As of 27th Saturday I’m pleased to report I have enjoyed the hospitality of 40 different parkrun venues with 40 different parkrun volunteer teams, and I learned a few things along the way…

Every parkrun is the same…you turn up, run and present your barcode. It’s as simple as that. It doesn’t matter where in the world you are, the process is universal. That simple fact means there is never any worry or doubt about approaching new parkruns, you can travel with complete confidence.

Every parkrun is different…and that’s what makes tourism such fun! Every briefing is a new experience; some brilliant, some inaudible, some full of laughs and some short and to the point. Then you start running and every course is different; I’ve run along rivers and crossed streams, across open fields and through thick woods, over logs and under bridges, on tarmac, woodchip, sand and snow. Some courses are more scenic than others but every one is special and has something about it that you’ll remember.

Sign of the tourist. Keep an eye out for anyone wearing the infamous “cow cowl”, only available to parkrunners with more than 20 venues to their name.

Touring with friends is ace…because you can enjoy the road trip and post run cake, as well as the excitement of planning your next tour.

Touring on your own is also ace…because it is very easy to make new friends on a Saturday morning. You are all there for one thing so you already have something in common, and I haven’t had anything but the warmest of welcomes at every venue I’ve been too.
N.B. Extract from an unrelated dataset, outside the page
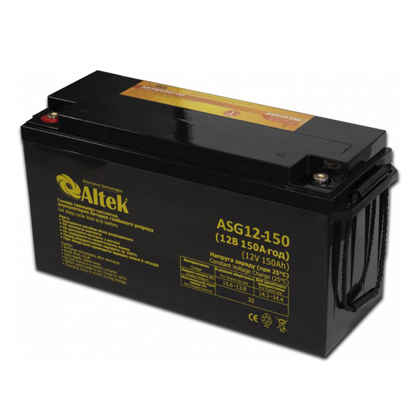 Аккумулятор Altek ABT-150Аh/12V GEL — надежная гелевая свинцово-кислотная батарея для организации резервного электроснабжения вашего дома или бизнеса. Применяется в альтернативной энергетике, в частности в фотоэлектрических системах. Гелевые АБ устойчивы к коррозии и нагреву, более безопасны, работают в широком спектре температур, допускают кратковременный глубокий разряд и обеспечивают высокую скорость заряда.

If you do tour alone, talk to people, it makes the whole experience ten times better.

But parkrun tourism isn’t all good, I have found two distinct downsides to heading out on the road of a Saturday morning…

Missing home… I adore Cheltenham parkrun and all involved with it and recently managed my 100th run around Pittville Park. But thanks to tourism there have been many weekends away from my home run and I have missed celebrating milestones with friends or being there to support my fellow core team members when they needed it. As much fun as tourism is sometimes I wish I wasn’t heading away from a run with 400 friends.

Finding somewhere amazing… I’ve run some beautiful courses and met some amazing people through parkrun tourism (big shout to Poolbeg in Dublin for topping the table in both categories) but I am unlikely to ever go back which is sad. If I’m in Dublin again in future there are several other venues to go explore so chances are I will never enjoy another Poolbeg parkrun and coffee with the friendliest people in the world. I know we should be happy it happened not sad it’s over, but it’s impossible to ignore that some courses are better than others and warrant a second visit…maybe when I’ve completed the other 600+ venues!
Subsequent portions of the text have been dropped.